Mu Sichen grew wary. “What do you mean?”
“If you don’t know, it’s best you don’t,” Shen Jiyue shifted the topic. “Do you know what made me decide I wanted to take you as my dependent? It was your terrifying ability to judge situations and your courage to gamble. I really want those qualities of yours.”
Mu Sichen ignored Shen Jiyue’s occasional “confessions.”
His words couldn’t be trusted. Every seemingly kind phrase was laced with pollution, devouring intent, and mental intrusion. A single slip, and Mu Sichen would become his puppet.
“Go to sleep,” Mu Sichen said. “We still need to dream.”
But Shen Jiyue stopped him. “You still haven’t let me into your dream.”
“Just thinking about dreaming of you makes me uncomfortable. How about I retrieve the item myself and hand it over to you afterward?” Mu Sichen replied.
“No way. By then the item might belong to you,” Shen Jiyue said.
“We can swear an oath — you promise not to try polluting me in Dream Butterfly Town, and I promise not to seize your item,” Mu Sichen offered.
But Shen Jiyue shook his head. “How boring. Why can’t it be that I regain my power and get you too?”

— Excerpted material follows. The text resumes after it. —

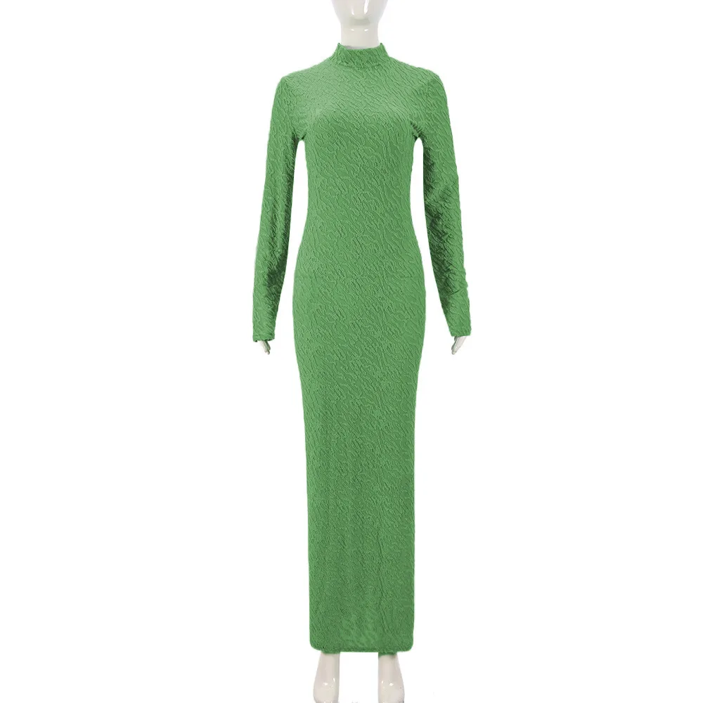 ZYHT 73902 Dark Green Blue Long Sleeve Simple Elegant Evening Dress Customize High End Women Clothing Manufacturer

“You’re right,” Mu Sichen said evenly. “It could also be that I get the ‘pillar’ and your item.”
“Exactly. That’s what makes it fun. We wager our stakes, and the winner takes all.” Shen Jiyue smiled.
Fortune favored the bold. Since Shen Jiyue insisted on following, Mu Sichen decided to accept the challenge.
“In that case, I’m even less likely to take you into the collective dream. You can sit outside and stew.” Mu Sichen lifted the blanket and prepared to sleep.
“Then let’s make a trade. Bring me into your dream through your eyes, and I’ll tell you the truth behind this collective dream,” Shen Jiyue said.
“Tell me first, and I’ll see if the information is worth bringing you in,” Mu Sichen countered.
Shen Jiyue said, “Sichen, do you know? When you said the words ‘case network,’ I was truly astonished. I don’t know how you came up with it, but you’ve approached the truth from almost nothing but instinct and scraps of clues.”
“Do you know how this ‘pillar’ was formed? It’s because the Butterfly has an item called the ‘Dreamcatcher.’ You’ve already grasped its outline perfectly.”